Don’t know the reason, sorry unless it wasn’t unmounted properly. Hopefully you’re not trying to format a drive with plots on already though.

You must have another major issue, I am using 14TB HDDs on Windows and get 128 K32 plots per drive and it only has 12.7TB free after formatting.

What a great question! I have always assumed that I would get less than most people as I use ZFS and assumed there would be more overhead.

So as a comparison, using ZFS on a 16TB drive with 1M block size I get 141 plots. I’d be interested in others reporting what they get on XFS, ReiserFS, NTFS, APFS etc if they wouldn’t mind.

Oh by the way, I just remembered - EXT4 has a reserved space option that defaults to 5%.
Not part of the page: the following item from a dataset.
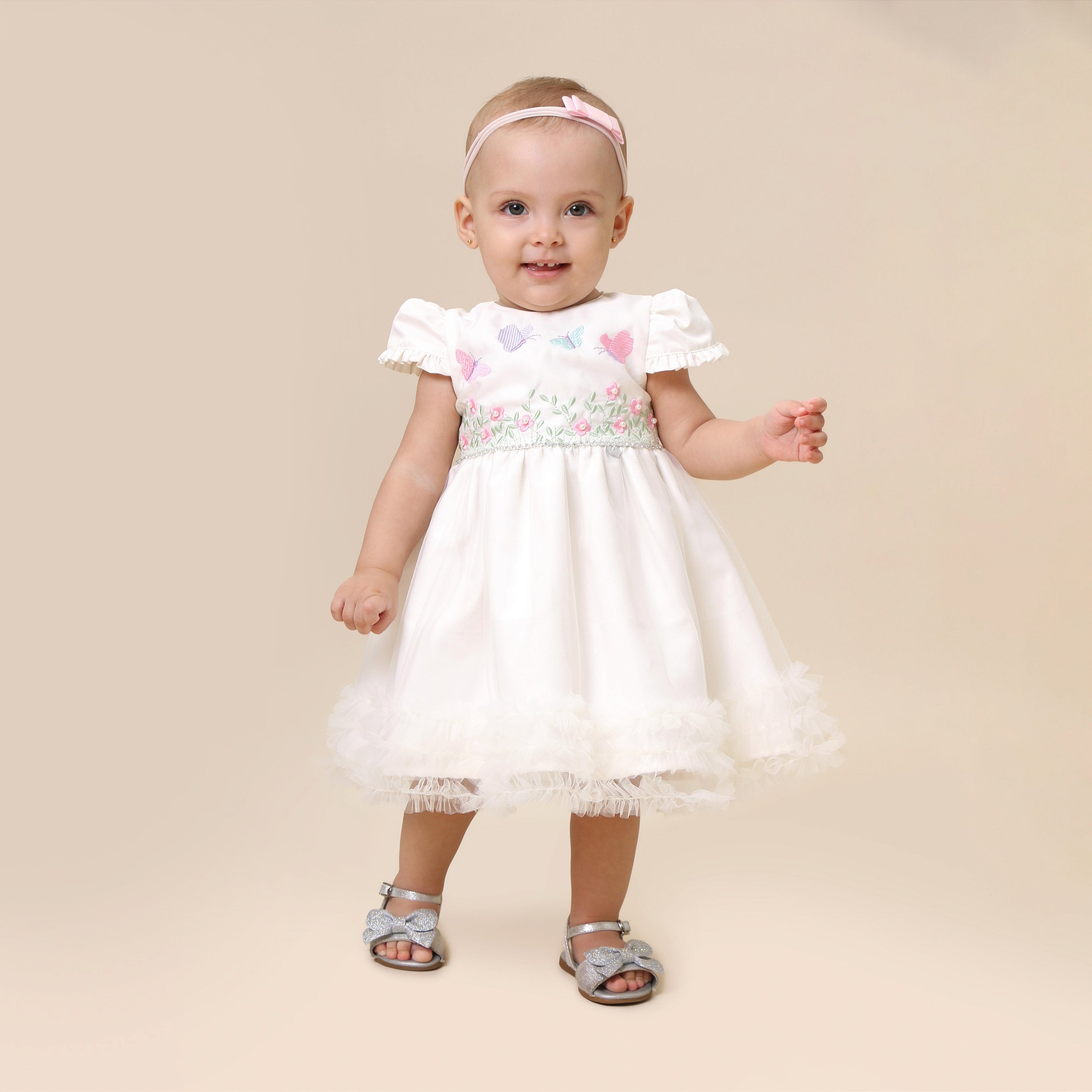 O Vestido Luxo Bebê com borboletas coloridas da marca Cattai é a escolha perfeita para ocasiões especiais. Confeccionado em tecido de alta qualidade, este vestido combina conforto e elegância, ideal para festas, casamentos, batizados e aniversários. Seu design distintivo apresenta detalhes bordados coloridos e pérolas, proporcionando um toque sofisticado e encantador para sua pequena.

You can change it with a setting somewhere (I don’t recall it), but I suspect that’s what is eating up your space. Back when I ran EXT4 it was something I’d do regularly.

The reserved space was originally set as a percentage before the drives got too big and (unless it’s been changed now) the percentage stayed the same but created quite a ridiculous amount of unused space on modern drives. So in your case that would account for 800G of space you can’t use if I’m calculating correctly.
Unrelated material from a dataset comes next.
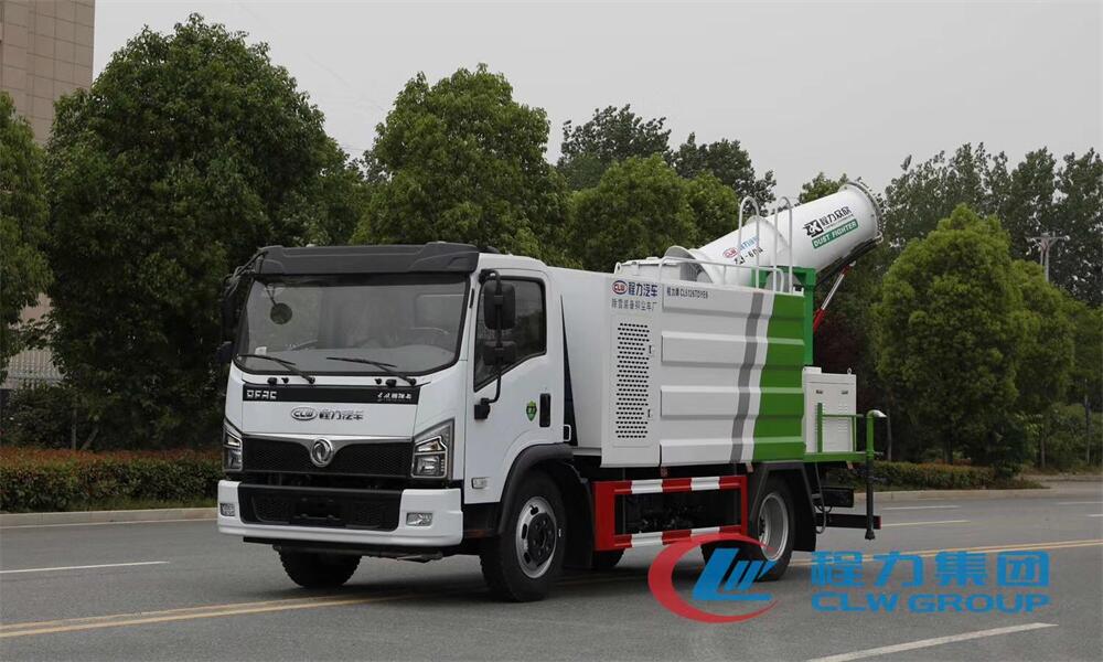上裝配置:罐體容積為 12立方,選配風送式霧炮機組射程30米、40米、50米、60米、80米、100米、120米霧炮,罐體鋼板為4mm碳鋼Q235材質(zhì),罐內(nèi)隔板具有防波作用,以減輕汽車行駛時罐體液體沖擊,罐體及整車外形尺寸按照公告。帶大功率專用灑水泵,泵可自吸自排,整車前沖、后灑、側噴、帶65消防接口,后平臺配CLW-50、CLW-60、CLW-80、CLW-100、CLW-120型風送式霧炮機組;罐體前封頭配大功率柴油發(fā)電機組;前封頭帶水位計,后平臺主管路帶1寸澆花接口,后爬梯。帶兩根輸水管及陰陽端。罐體顏色:銀/灰/綠,罐體兩側噴“多功能抑塵車”字樣,貼反光標示。

I’d say for non changing data like plots you would probably be safe to set it at 0%.

A quick google…
https://docs.cloudera.com/cloudera-manager/7.4.2/managing-clusters/topics/cm-decrease-reserved-space.html

Hope that helps!

Marshalleq

Yes this seems to be the most efficient so far. On the 16TB drive there is only 1.93GiB used when the drive is empty. This fits 147 plots on a 16TB drive

Ext4 with default settings only fits 138 plots.

If I format it to XFS with default settings there is 1.99GiB used. This fits 146 plots on a 16TB drive.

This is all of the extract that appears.